To complicate matters further, the government has now proposed tax relief of up to £2,000 a year to assist working mothers with the costs of childcare. In other words, yet more tinkering, with stay-at-home mothers implicitly discriminated against. A better solution would have been to deregulate the sector to drive down the costs of childcare – now some of the highest in Europe. Since the mid-1990s, the number of child minders has fallen by nearly 50 per cent, after the last Labour government pushed up the costs of training and the bureaucracy associated with being registered.
There is also no clear direction over infrastructure. When in opposition, the Conservatives promised to build a high speed rail link to Birmingham to compensate for their opposition to an extra runway at Heathrow. But this just replaces a project that would have been financed by the private sector with one that will be planned and guaranteed by government. We have also heard mutterings that tolls will be introduced on new roads. But which hotel chain would decide to only charge for new rooms? Either tolls are a good idea or they are not.
So, what should the coalition have done in its relaunch? We cannot expect it to become coherent overnight. But the government should recognise that the state is too big, the role of the family in providing for its own needs – especially in old and young age – is too small, and that there needs to be a decisive change in direction. We should also expect rigorous economic analysis of policy before implementation.
Yes, we need to build new infrastructure. But it should not be a process led, directed and financed by the state. The planning system should work with the grain of the market. Those affected by new building should be compensated. The private sector should finance and bear the risk of new projects, and road use should be properly priced.
We also need to transform health, long-term care and pension provision. As in many OECD countries, we have designed a system by which the taxes of the working generation pay for the old-age provision of the retired, and we are sleep-walking towards disaster. When it comes to pensions and long-term care, the coalition should be enacting reforms so that needs are provided for by the family and through saving.

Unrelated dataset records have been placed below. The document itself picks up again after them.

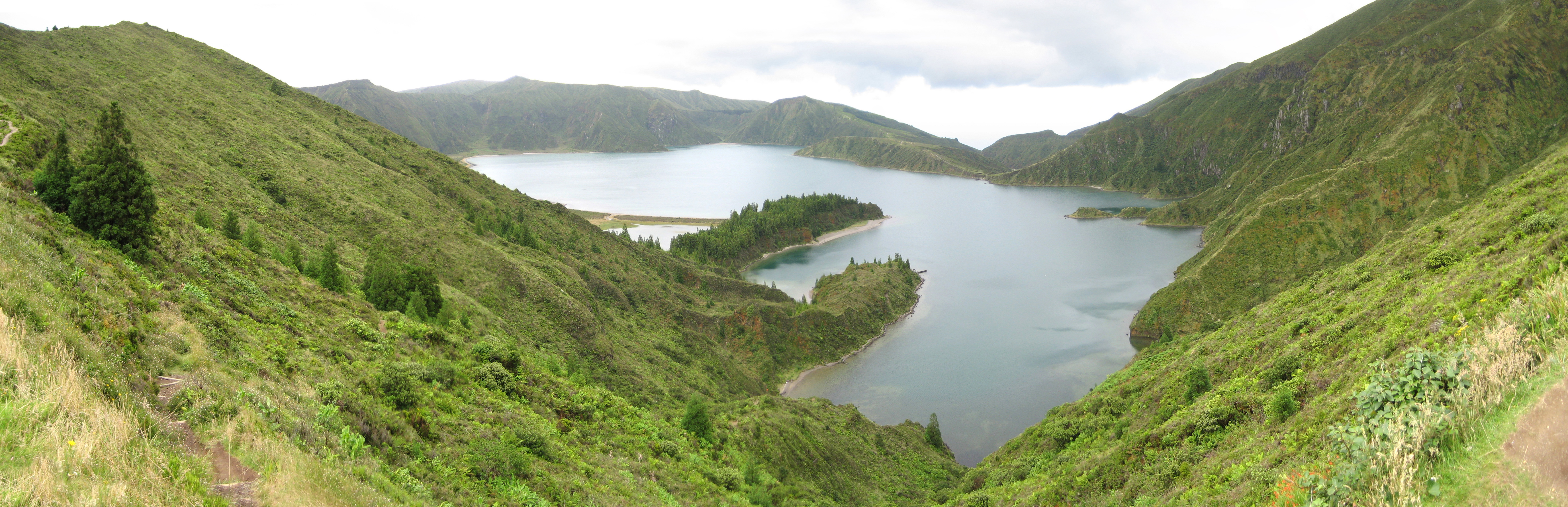 Lagoa do Fogo, volcanic crater on Sao Miguel (Azores)
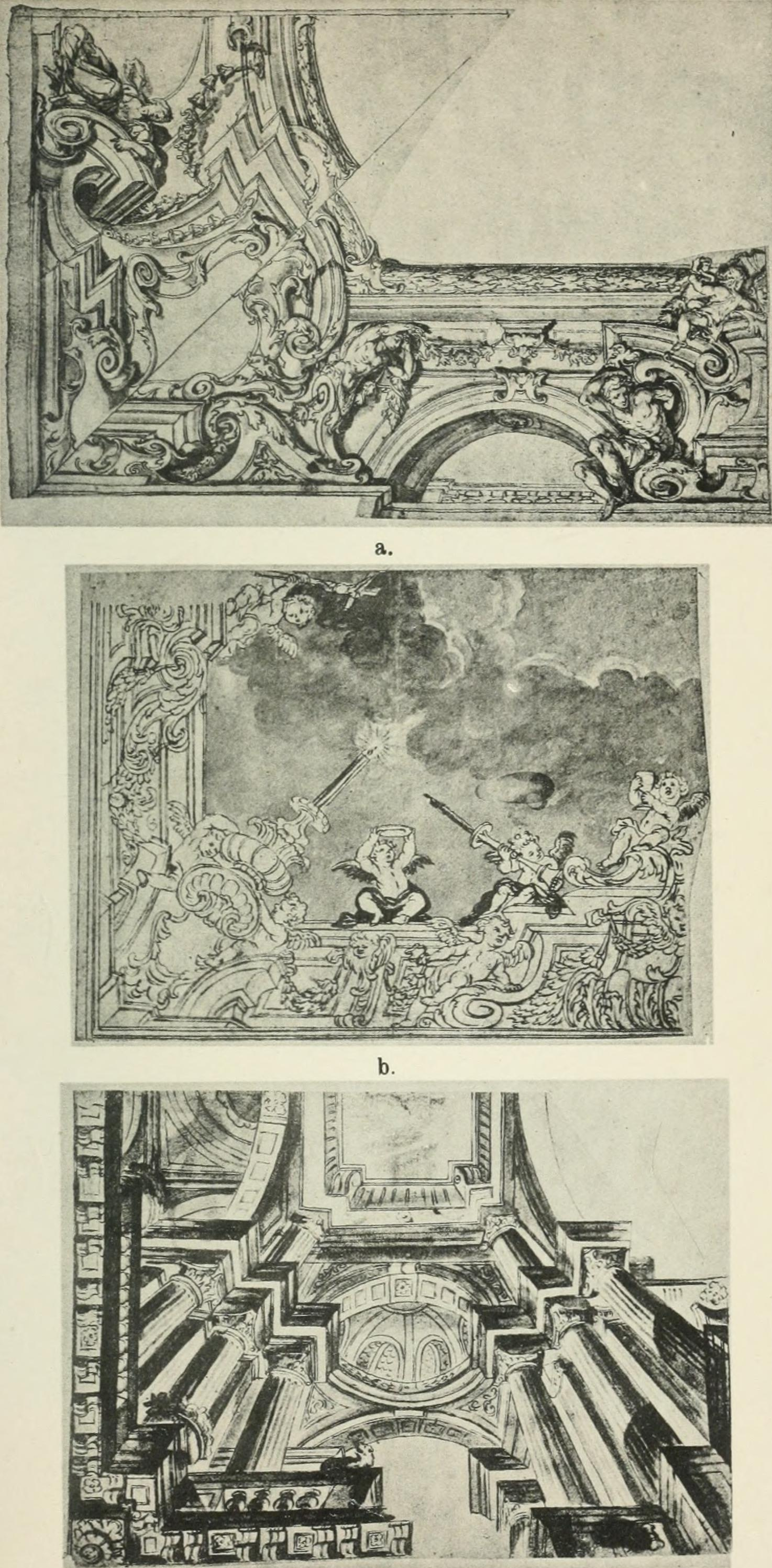 Title: Die Entwicklung der barocken Decken-malerei in Tirol. Mit 44 Tafeln und 6 Doppeltafeln Year: 1912 (1910s) Authors: Hammer, Heinrich, 1873-1953 Subjects: Ceilings Painting Decoration and ornament, Baroque Publisher: Strassburg : J.H.E. Heitz Text Appearing Before Image: Decke der rechten Chorkapelle in der Stiftskirche zu Stams.(Egid Schor um 1696. S. 136.) II Text Appearing After Image: Entwürfe zu Deckendekorationen von Egid Schor. (S. 142.) 12
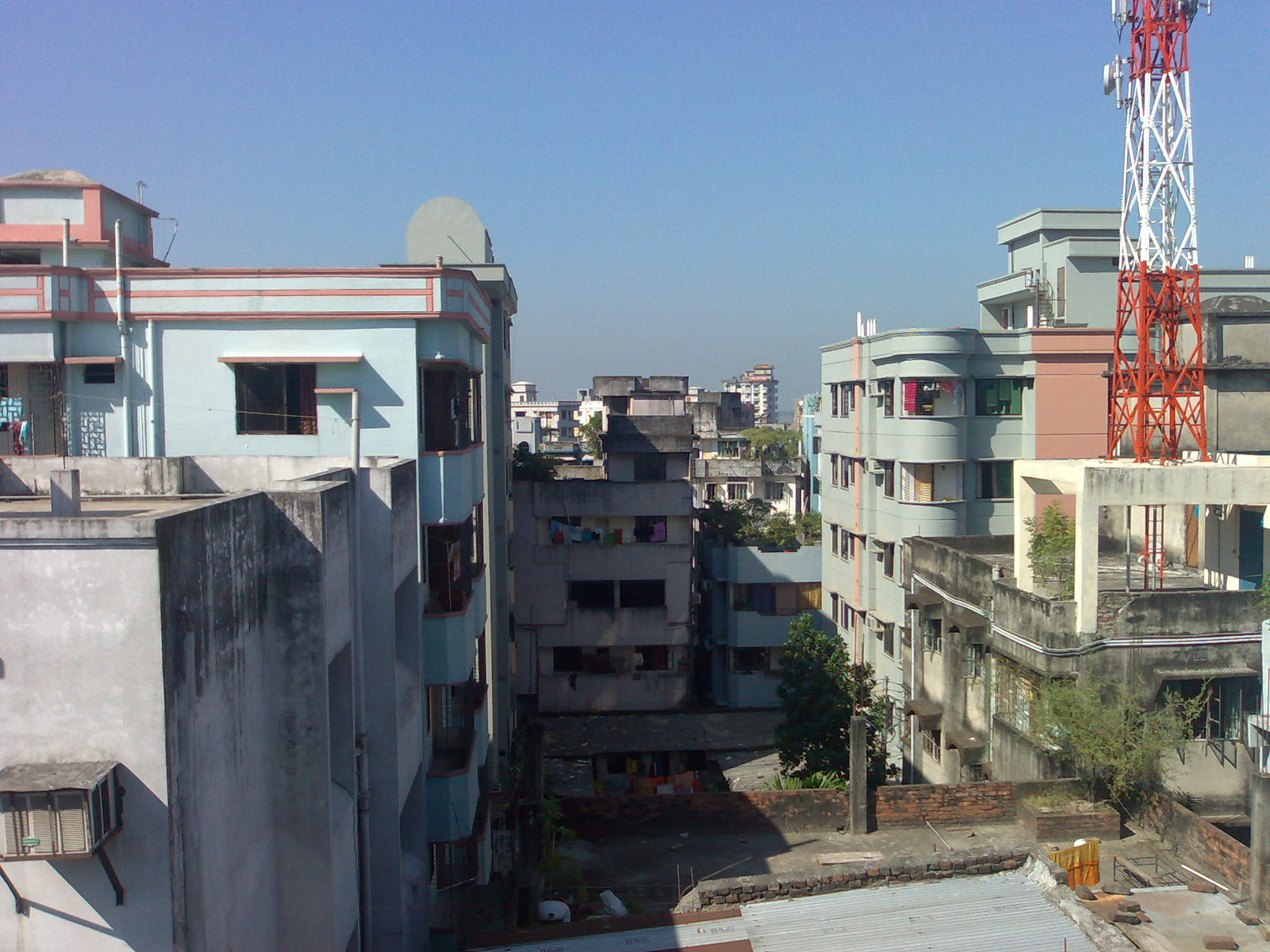 Mohammadpur Thana, Dhaka, Bangladesh. Taken with a Nokia N80.

Unfortunately, we are unlikely to see any of this. With regard to long-term care we will see some fudged implementation of the Dilnot review, whereby the state contributes even more towards total care costs than it does at present. When it comes to pension provision, increased private sector saving is the last thing on the mind of the government. It is hammering the last nails in the coffin of the ability to contract out of the state pension (a policy supported even by 1970s Labour minister Barbara Castle), and it has nationalised the assets of the Royal Mail pension scheme. The proposed flat-rate state pension will be simpler, but this will be partly financed by using money that people would have saved in private sector schemes. This is short-termism at its worst.
While producing coherent policy in these areas, the government needs to look again at family tax and benefit policy. Reform here has been too timid. People should pay less tax, they should receive less in benefits and the state should be smaller. These 17 words should dominate the thinking of the coalition at its half-way point.
Philip Booth is professor of insurance and risk management at Cass Business School, and editorial and programmes director at the Institute of Economic Affairs.